## Task statement:
Skip the images and return the records below exactly.

....................

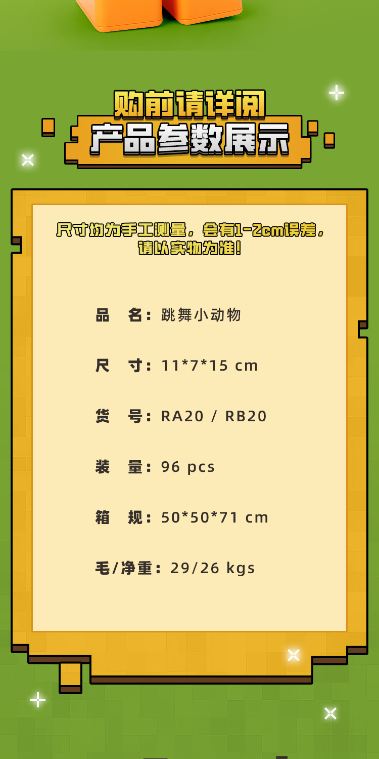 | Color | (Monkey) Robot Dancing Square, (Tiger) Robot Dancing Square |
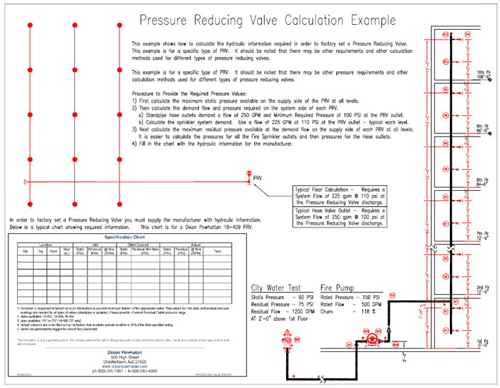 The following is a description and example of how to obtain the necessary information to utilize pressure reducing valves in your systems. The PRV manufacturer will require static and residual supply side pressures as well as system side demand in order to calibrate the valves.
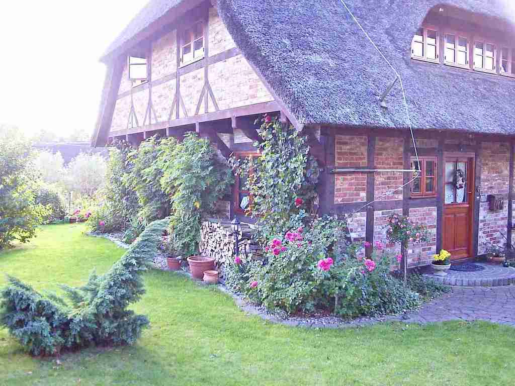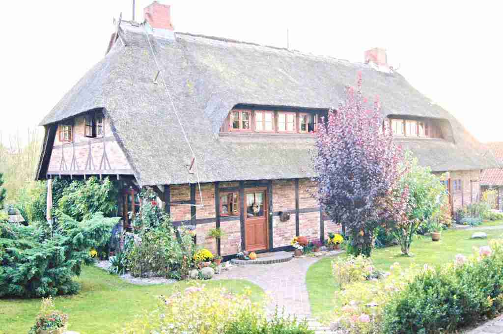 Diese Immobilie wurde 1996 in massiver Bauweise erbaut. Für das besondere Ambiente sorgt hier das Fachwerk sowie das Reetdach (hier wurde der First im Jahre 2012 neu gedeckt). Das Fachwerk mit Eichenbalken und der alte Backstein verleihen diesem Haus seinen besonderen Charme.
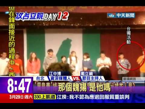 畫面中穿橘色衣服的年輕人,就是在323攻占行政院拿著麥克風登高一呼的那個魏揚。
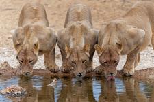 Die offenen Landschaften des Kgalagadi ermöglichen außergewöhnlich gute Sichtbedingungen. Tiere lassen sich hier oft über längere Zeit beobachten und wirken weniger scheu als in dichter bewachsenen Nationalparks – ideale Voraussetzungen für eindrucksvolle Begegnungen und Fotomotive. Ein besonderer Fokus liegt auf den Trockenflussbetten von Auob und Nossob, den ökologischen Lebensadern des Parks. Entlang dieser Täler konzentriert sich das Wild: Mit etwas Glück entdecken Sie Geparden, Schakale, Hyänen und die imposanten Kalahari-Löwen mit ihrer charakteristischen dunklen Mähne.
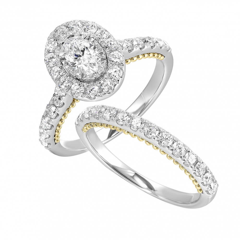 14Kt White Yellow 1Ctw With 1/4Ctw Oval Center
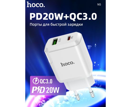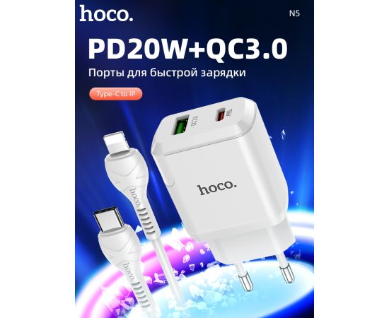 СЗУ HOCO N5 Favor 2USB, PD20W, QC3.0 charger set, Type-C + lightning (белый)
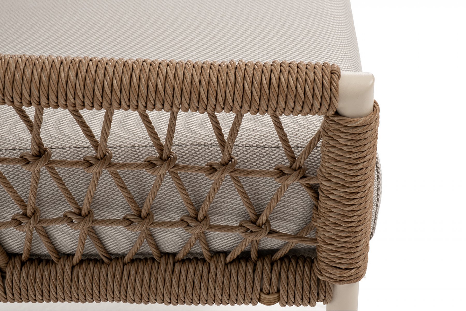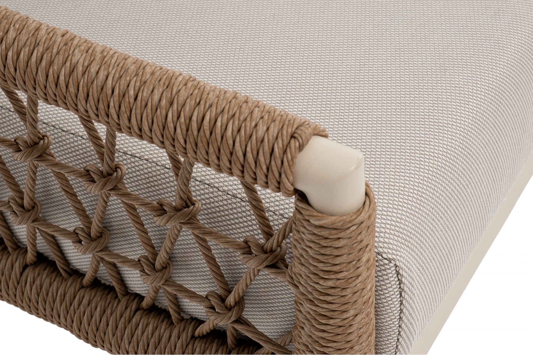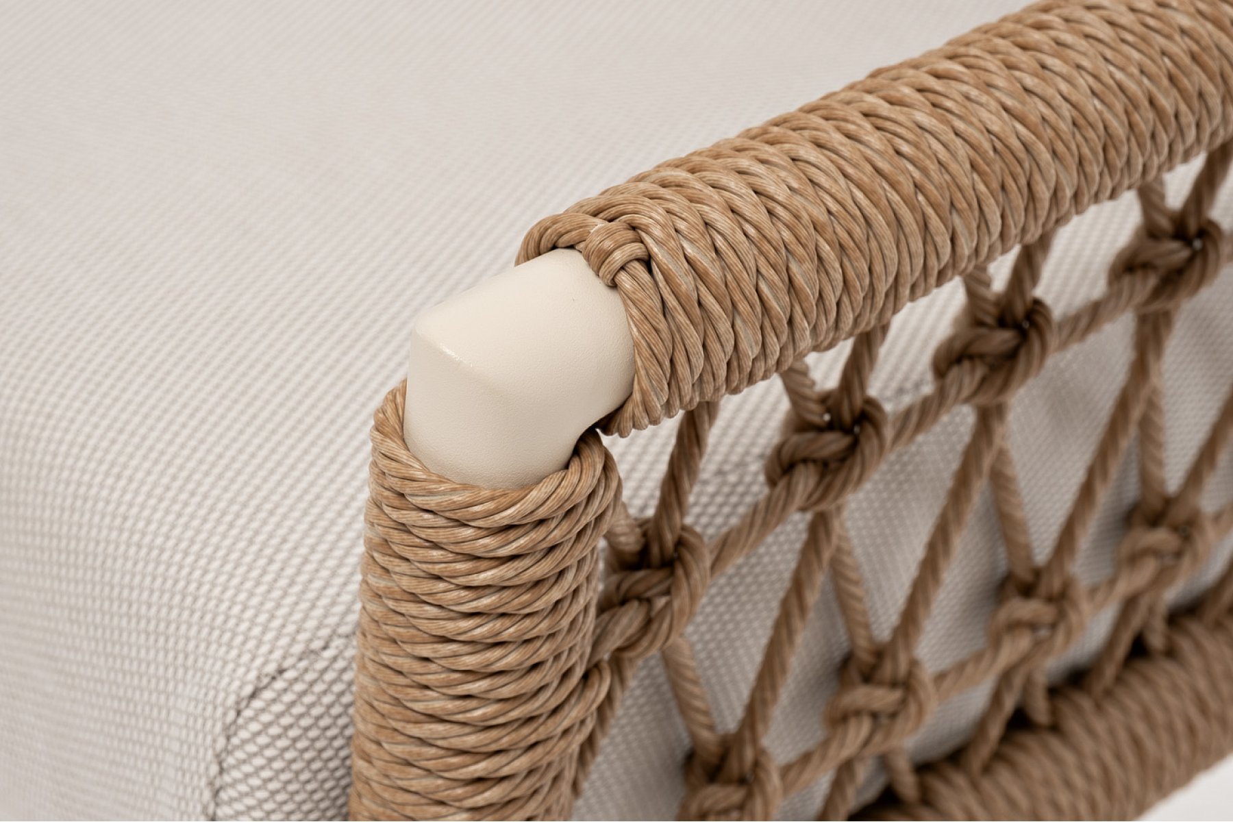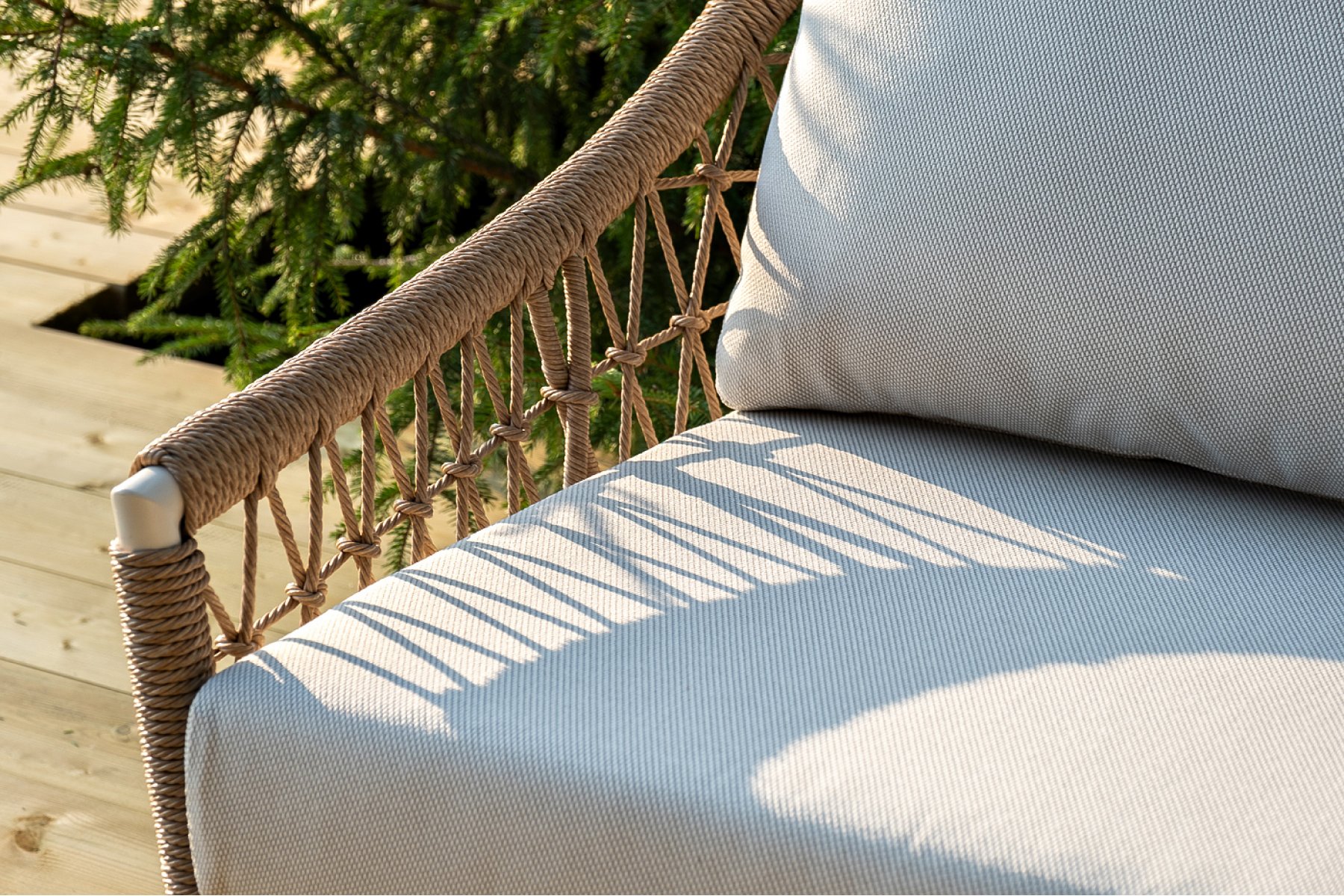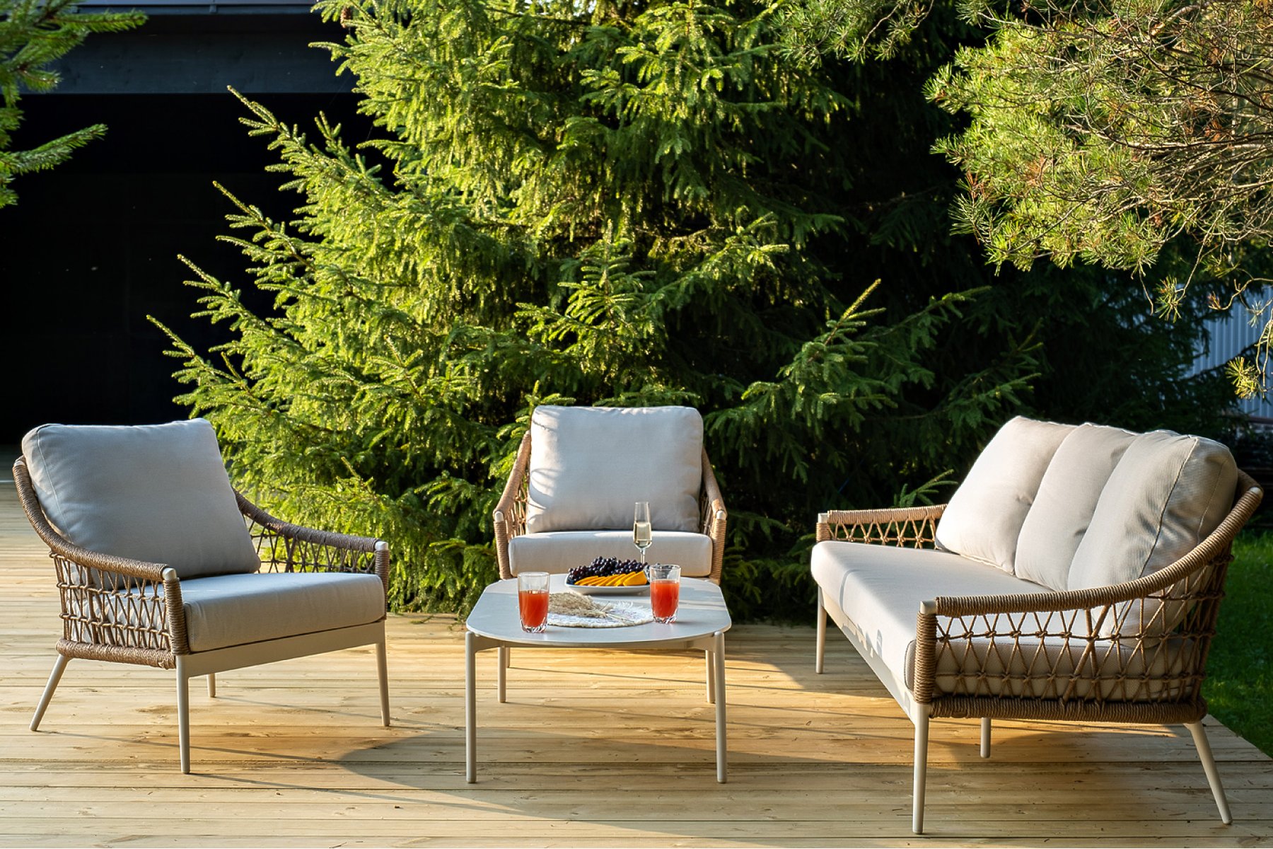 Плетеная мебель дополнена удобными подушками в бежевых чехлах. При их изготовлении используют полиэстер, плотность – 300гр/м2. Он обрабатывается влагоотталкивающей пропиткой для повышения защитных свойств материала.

....................

## The completed task:
 | Color | (Monkey) Robot Dancing Square, (Tiger) Robot Dancing Square |
 The following is a description and example of how to obtain the necessary information to utilize pressure reducing valves in your systems. The PRV manufacturer will require static and residual supply side pressures as well as system side demand in order to calibrate the valves.
 Diese Immobilie wurde 1996 in massiver Bauweise erbaut. Für das besondere Ambiente sorgt hier das Fachwerk sowie das Reetdach (hier wurde der First im Jahre 2012 neu gedeckt). Das Fachwerk mit Eichenbalken und der alte Backstein verleihen diesem Haus seinen besonderen Charme.
 畫面中穿橘色衣服的年輕人,就是在323攻占行政院拿著麥克風登高一呼的那個魏揚。
 Die offenen Landschaften des Kgalagadi ermöglichen außergewöhnlich gute Sichtbedingungen. Tiere lassen sich hier oft über längere Zeit beobachten und wirken weniger scheu als in dichter bewachsenen Nationalparks – ideale Voraussetzungen für eindrucksvolle Begegnungen und Fotomotive. Ein besonderer Fokus liegt auf den Trockenflussbetten von Auob und Nossob, den ökologischen Lebensadern des Parks. Entlang dieser Täler konzentriert sich das Wild: Mit etwas Glück entdecken Sie Geparden, Schakale, Hyänen und die imposanten Kalahari-Löwen mit ihrer charakteristischen dunklen Mähne.
 14Kt White Yellow 1Ctw With 1/4Ctw Oval Center
 СЗУ HOCO N5 Favor 2USB, PD20W, QC3.0 charger set, Type-C + lightning (белый)
 Плетеная мебель дополнена удобными подушками в бежевых чехлах. При их изготовлении используют полиэстер, плотность – 300гр/м2. Он обрабатывается влагоотталкивающей пропиткой для повышения защитных свойств материала.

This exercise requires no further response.